For a Markov chain $X_n$ I want to prove that if
$$ \mathbb{E} (\min\{n \geq 1:X_n = i\}\mid X_0 = i) = \infty$$
(that is, if $i$ is transient or null recurrent), then
$$ p_{ii}^{(n)} \equiv \mathbb{P}(X_n = i \mid X_0 = i) \to 0 \quad \mathrm{as} \quad n \to \infty .$$
My intuition is that if the above expected value is infinite, then the probability that the first return to $i$ occurs at $n$ must decay relatively slowly with $n$, which means it's 'fairly likely' that the chain won't have returned to $i$ in the first $n$ steps. Hence the return probabilities are small. However, I can't turn this into a proof that they decay to zero. Please be as elementary as possible!
If $i$ is transient then the theorem is easy to prove. Transience is equivalent to the sum of the $p_{ii}^{(n)}$ being finite, which means they must tend to zero. The null recurrent case is proving more stubborn.
Best Answer
Here is one proof that I found in Section 1.8 of James Norris' Markov Chains. It's far more sophisticated than I thought would be necessary; if anybody has a more straightforward proof to offer it would be much appreciated.
Suppose $X_n$ is null recurrent. If it is periodic with period $d$, we can consider the aperiodic subchain $X_{dn}$ and prove that return probabilities for this chain tend to zero, thereby proving that all return probabilities tend to zero. Hence assume the chain is aperiodic.

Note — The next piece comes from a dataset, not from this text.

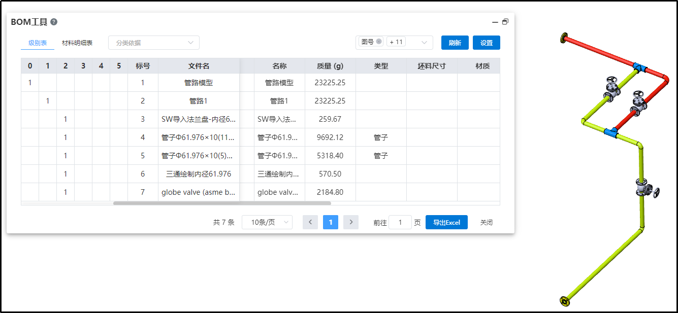 - 管路BOM:现有的【BOM工具】支持统计管路BOM信息。

Let $T_j$ be the first return time to state $j$. We know that $$ \infty = \sum_{k = 0}^\infty k \,\mathbb{P}_j(T_j = k) = \sum_{k = 0}^\infty \mathbb{P}_j(T_j > k) \,.$$ Given $\varepsilon > 0$ choose $K$ such that $$ \sum_{k=0}^K \mathbb{P}_j(T_j > k) \geq \frac{1}{\varepsilon} \,.$$ Then, for $n \geq K$, $$ \begin{align}1 &\geq \sum_{k =n-K}^n\mathbb{P}(X_k = j, X_m \neq j \;\text{for}\; m=k+1,\ldots,n) \\ &= \sum_{k =n-K}^n \mathbb{P}(X_k = j)\mathbb{P}_j(T_j > n - k) \\ &=\sum_{k =0}^K \mathbb{P}(X_{n-k} = j)\mathbb{P}_j(T_j > k)\,.\end{align}$$ Hence we must have $\mathbb{P}_j(X_{n-k} = j)\leq \varepsilon$ for some $k = 0,1,\ldots,K$.

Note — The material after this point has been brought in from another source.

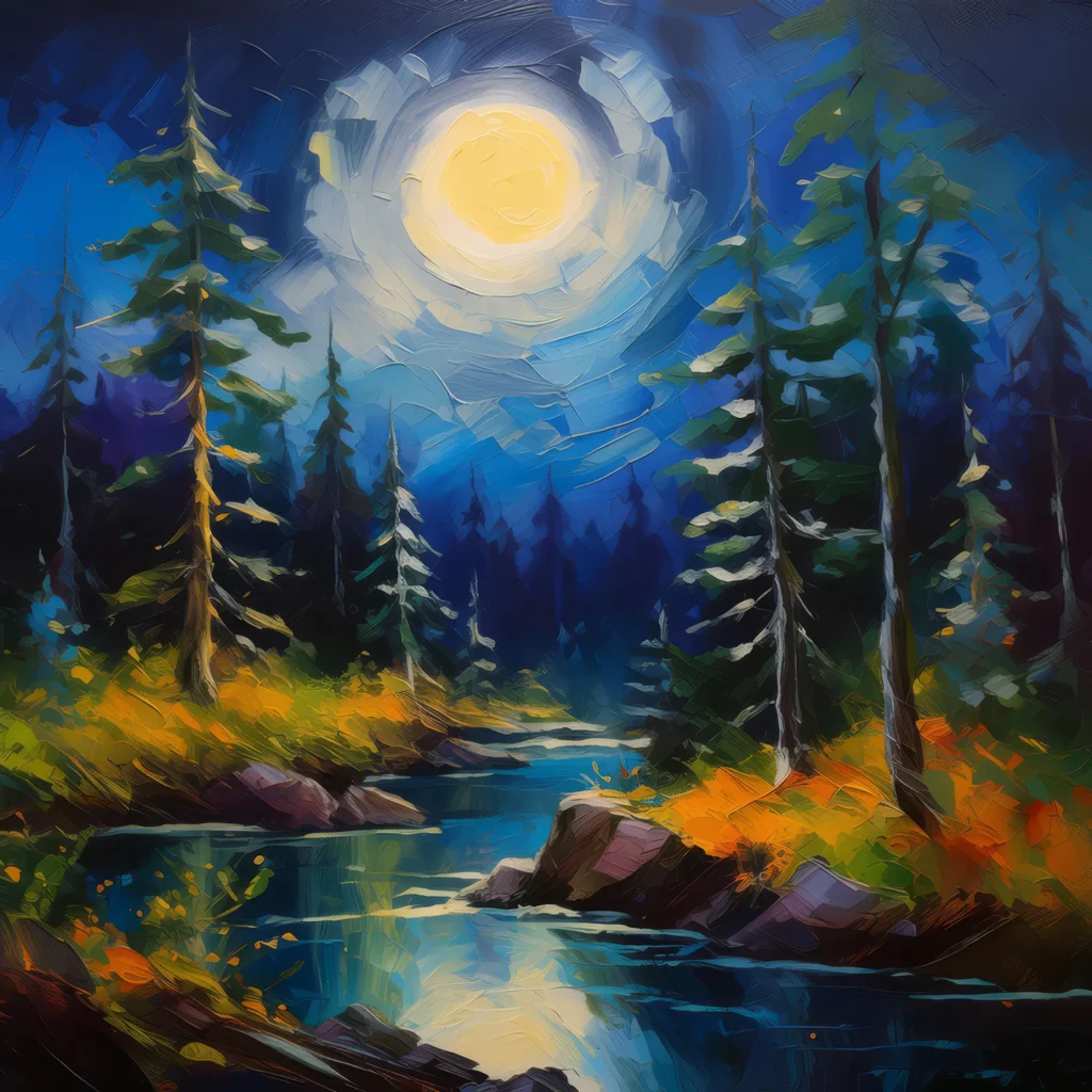 A boreal forest illuminated by the soft light of a full moon, creating a tranquil night scene.

Now we make a coupling argument. Let $Y_n$ be a chain with the same transition probabilities as $X_n$ and an initial distribution to be defined later. The chain $W_n = (X_n,Y_n)$ is irreducible by virtue of the aperiodicity of $X_n$. If $W_n$ is transient then by setting $X_n$ and $Y_n$ to have the same initial distribution we can easily show that return probabilities tend to zero.
So assume that $W_n$ is recurrent. But an irreducible recurrent chain explores all states with unit probability, so the two chains $X_n$ and $Y_n$ meet almost surely. Set $Z_n$ to equal $X_n$ before the two chains meet (at $n = T$, say) and $Y_n$ thereafter. Then $X_n$ and $Z_n$ have the same distribution so $$\begin{align}|\mathbb{P}(X_n = j) - \mathbb{P}(Y_n = j)| &= |\mathbb{P}(Z_n = j) - \mathbb{P}(Y_n = j)| \\ &=|\mathbb{P}(X_n = j, n < T) - \mathbb{P}(Y_n = j, n < T)| \\ & \leq \mathbb{P}(n < T) \to 0 \,. \end{align} $$ Hence the two chains $X_n$ and $Y_n$ have converging return probabilities. Now we just need to exploit the fact that we are free to choose the initial distribution for $Y_n$. If $X_n$ has initial distribution $\lambda$ let $Y_n$ have initial distribution $\lambda P^k$ for $k = 1,\ldots,K$, so that $\mathbb{P}(Y_n = j) = \mathbb{P}(X_{n+k} = j)$. Since the two chains have convergent probabilities, we can find $N$ such that for $n \geq N$ and $k=1,\ldots,K$, $$ | \mathbb{P}(X_n = j) - \mathbb{P}(X_{n+k} = j)| \leq \varepsilon \,.$$ Finally, we know from before that in any interval of length $K$ there is some $k$ such that $\mathbb{P}(X_k = j) \leq \varepsilon$, and hence $$ \mathbb{P}(X_n = j) \leq 2 \varepsilon \,.$$ Since $\varepsilon > 0$ was arbitrary we have proved the result.